== LISTED RECORDS ==
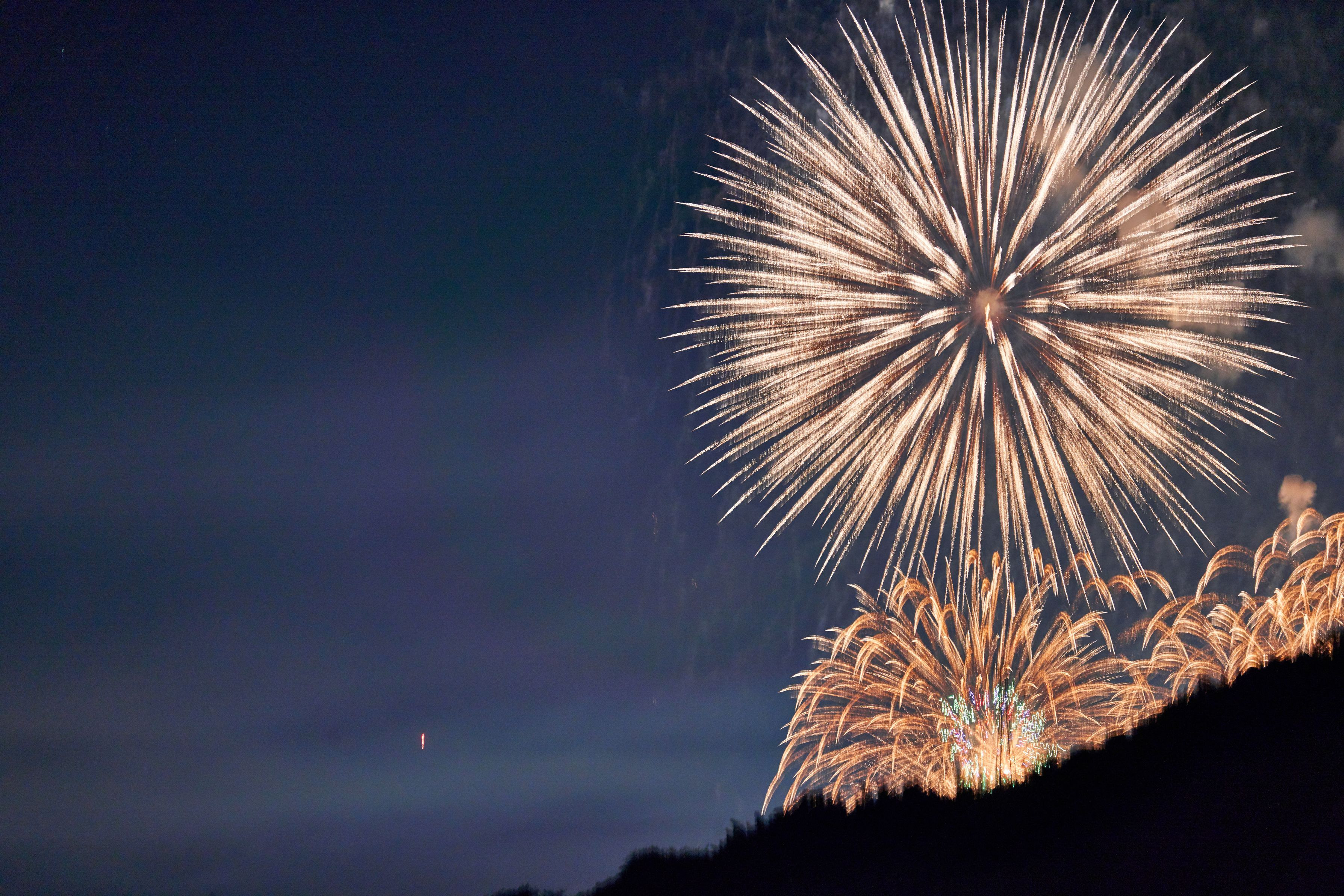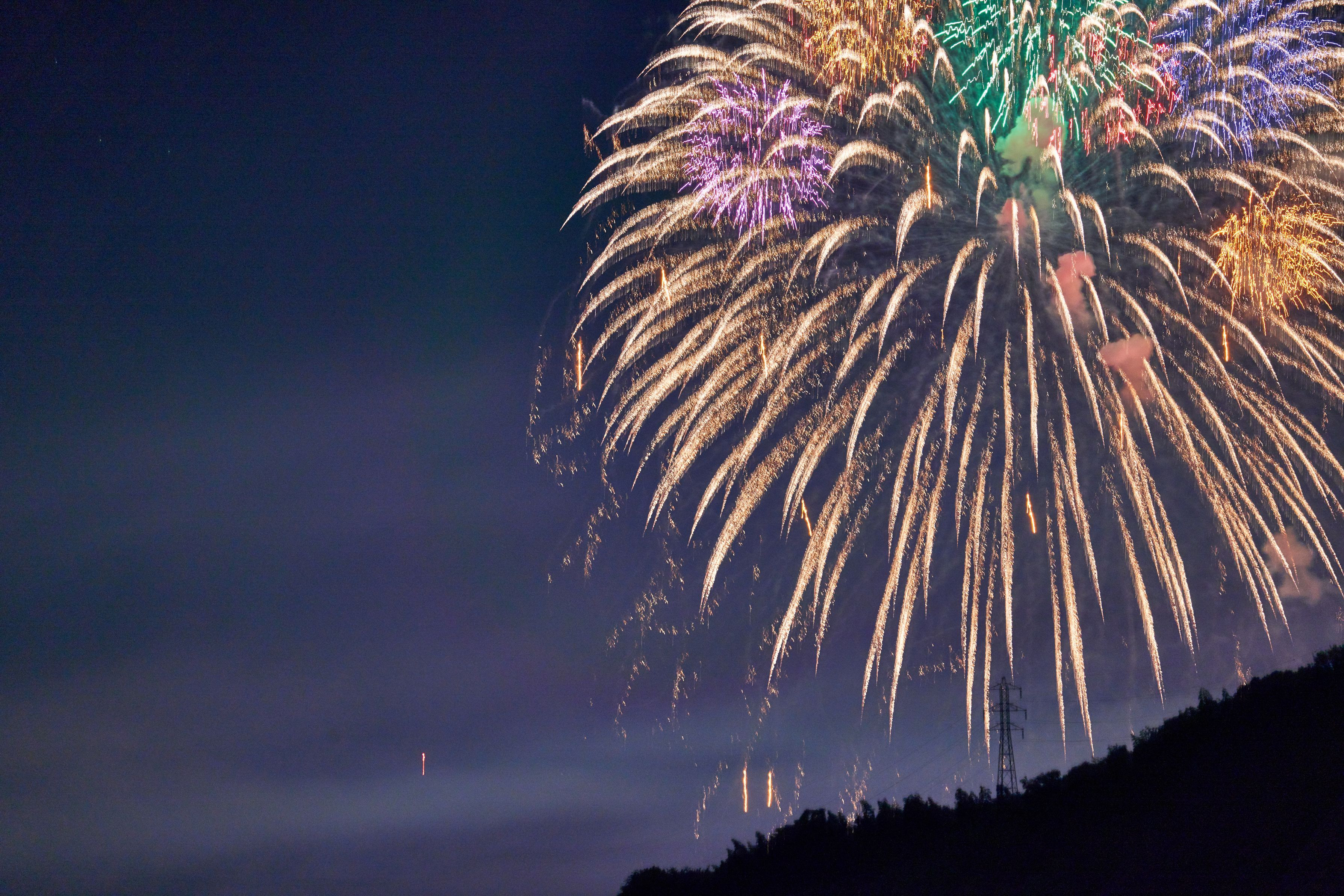 山の向こうの花火大会を観賞。 昨年もブレてたのに、今回も三脚無手押しシャッターでボツ写真ばかりでした。 ・・今度こそは買った時に一度だけ使った、リモートスイッチを使おう・・ ^^;
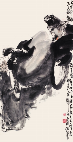 王西洲写意人物画关注的是笔墨与造型的关系,他追求的是一种意象化的造型,即通过与生活物象的接触后,内心形成深刻的感受与体验,从而将这种感悟上升到一种人文的感怀与情感的抒发,再用大写意泼墨的挥洒,去传达一种体现着文化内涵的意象造型,表现一种精神指向。所以我们说,王西洲的大写意人物画是一种精神性的意象造型与表现,他不断突破人们的习惯性审美体验,并力图在盛行的单一“写实”模式的创作方法上取得突破,从而开始强化其艺术个性,并在这种个性中,不断深入与表现主体的“写意”精神,以充沛的创作热情积极地融入到当代的生活和文化的情境中,从而不断寻求与开拓中国大写意人物画发展的新路子。
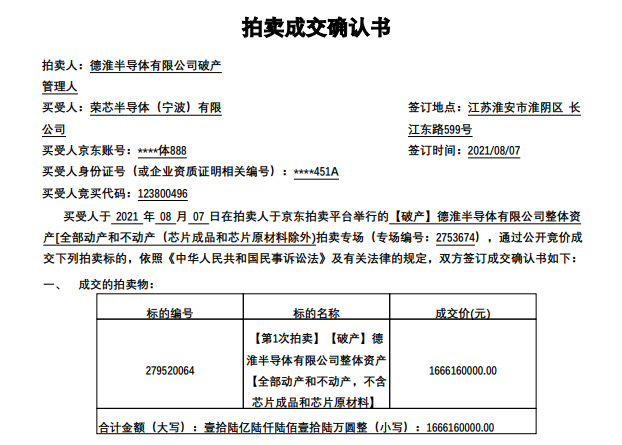 拍賣成交確認書顯示,買受人榮芯半導體人于2021年8月7日在拍賣人于京東拍賣平臺舉行的【破產】德淮半導體有限公司整體資產[全部動產和不動產(芯片成品和芯片原材料除外)],拍賣專場(專場編號:2753674),通過公開競價成交拍賣標的,成交價為16.66億元。
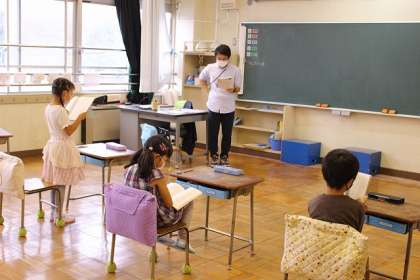 「わにのおじいさんのたからもの」の音読です。オンラインでの参加もありました。
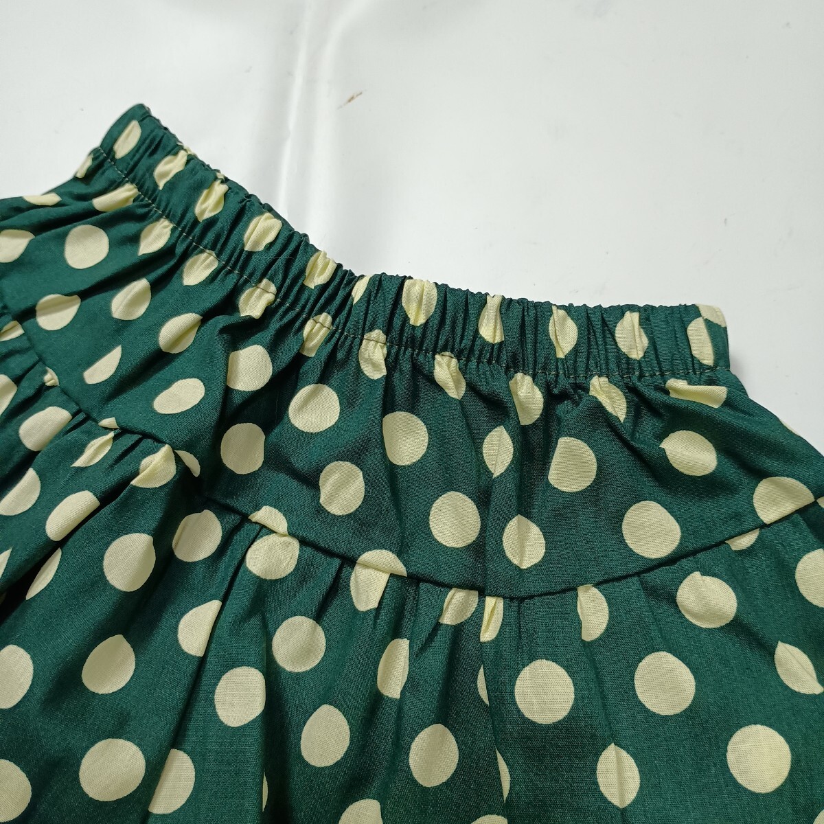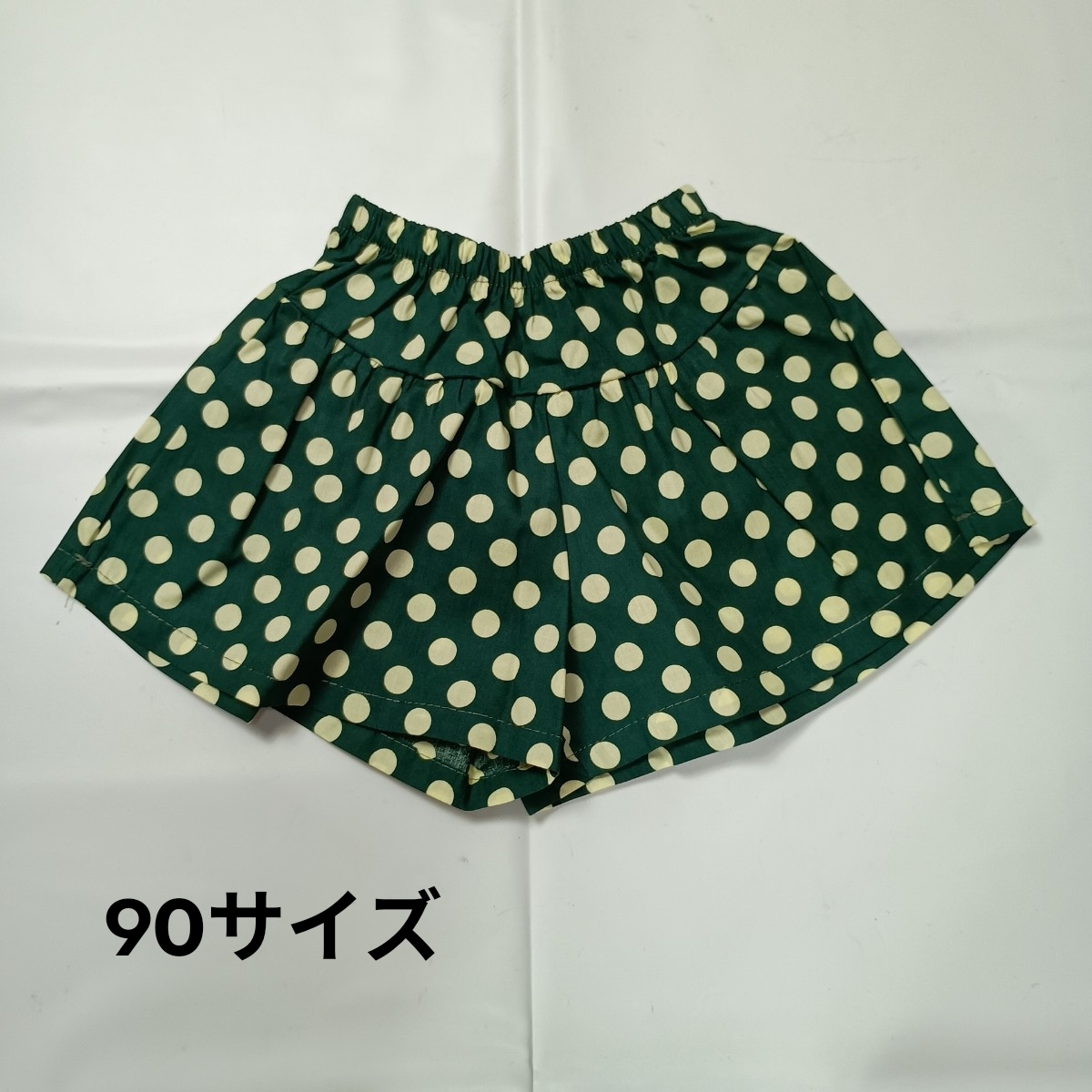 【未使用】90 幼児服 ベビー服 子供服 キュロット グリーン 緑 ドット 水玉 夏服 シンプル ウエスト 総ゴム
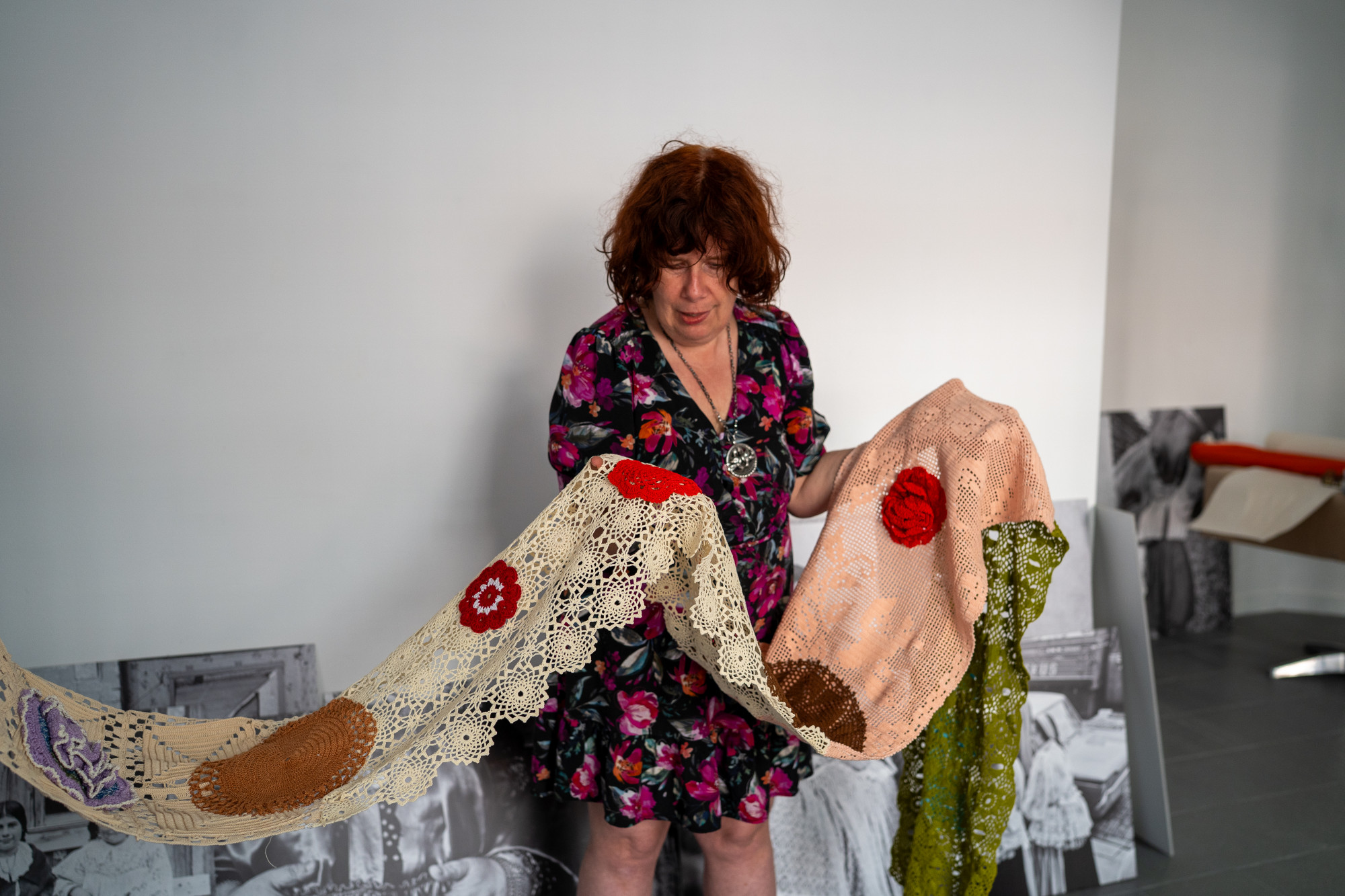 Azonnal összecsődíti a kollégáit, akik felsorakoznak mellette, hogy a horgolt mintákat megnézhessem. Több méternyi csipkét hajtogatnak ki egy műanyag szatyorból, és hol van még a vége! Horgolt virágok, felvarrt csipkeminták díszítik az alkotást: csupa olyan aprócska részlet, ami egyedivé és személyessé teszi, miközben emléket állít a hagyományoknak is. A csipke ugyanis tudatosan választott motívum.
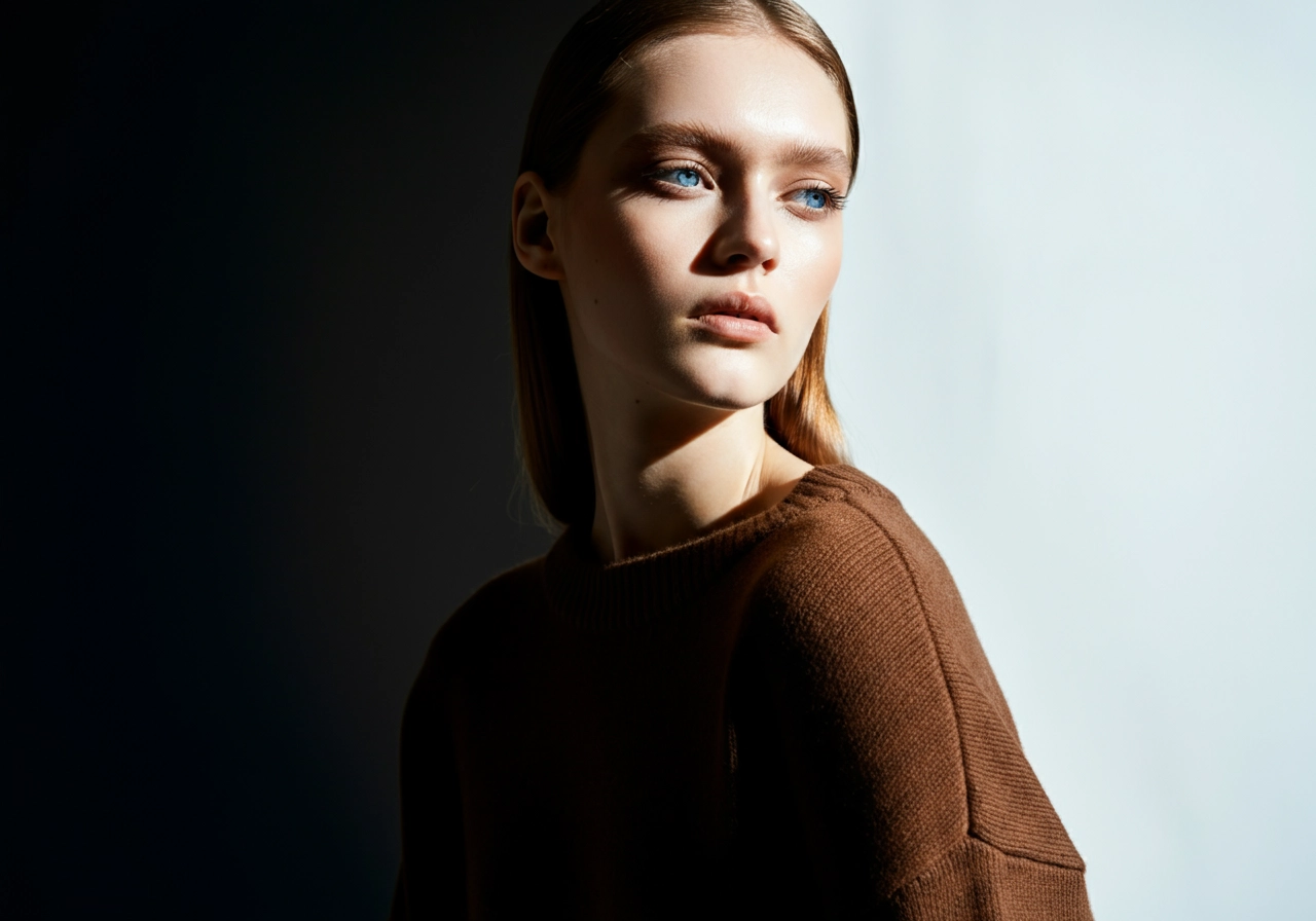 A high-end fashion portrait featuring a young woman model with blue eyes in a studio, against a white background. The model is sharply captured in full height with a thoughtful expression. She is wearing a luxury brown sweater. The photography is shot using an 8K Canon EOS R5 with a 24mm lens, utilizing studio lighting for soft shadow detail and cinematic contrast. The atmosphere is sophisticated and minimal.
===
EXERCISE DESCRIPTION: Pictures are to be left out; the lines from the start of the records above through the line holding "シンプル ウエスト 総ゴム" are to be returned exactly.

ANSWER SPACE:
 山の向こうの花火大会を観賞。 昨年もブレてたのに、今回も三脚無手押しシャッターでボツ写真ばかりでした。 ・・今度こそは買った時に一度だけ使った、リモートスイッチを使おう・・ ^^;
 王西洲写意人物画关注的是笔墨与造型的关系,他追求的是一种意象化的造型,即通过与生活物象的接触后,内心形成深刻的感受与体验,从而将这种感悟上升到一种人文的感怀与情感的抒发,再用大写意泼墨的挥洒,去传达一种体现着文化内涵的意象造型,表现一种精神指向。所以我们说,王西洲的大写意人物画是一种精神性的意象造型与表现,他不断突破人们的习惯性审美体验,并力图在盛行的单一“写实”模式的创作方法上取得突破,从而开始强化其艺术个性,并在这种个性中,不断深入与表现主体的“写意”精神,以充沛的创作热情积极地融入到当代的生活和文化的情境中,从而不断寻求与开拓中国大写意人物画发展的新路子。
 拍賣成交確認書顯示,買受人榮芯半導體人于2021年8月7日在拍賣人于京東拍賣平臺舉行的【破產】德淮半導體有限公司整體資產[全部動產和不動產(芯片成品和芯片原材料除外)],拍賣專場(專場編號:2753674),通過公開競價成交拍賣標的,成交價為16.66億元。
 「わにのおじいさんのたからもの」の音読です。オンラインでの参加もありました。
 【未使用】90 幼児服 ベビー服 子供服 キュロット グリーン 緑 ドット 水玉 夏服 シンプル ウエスト 総ゴム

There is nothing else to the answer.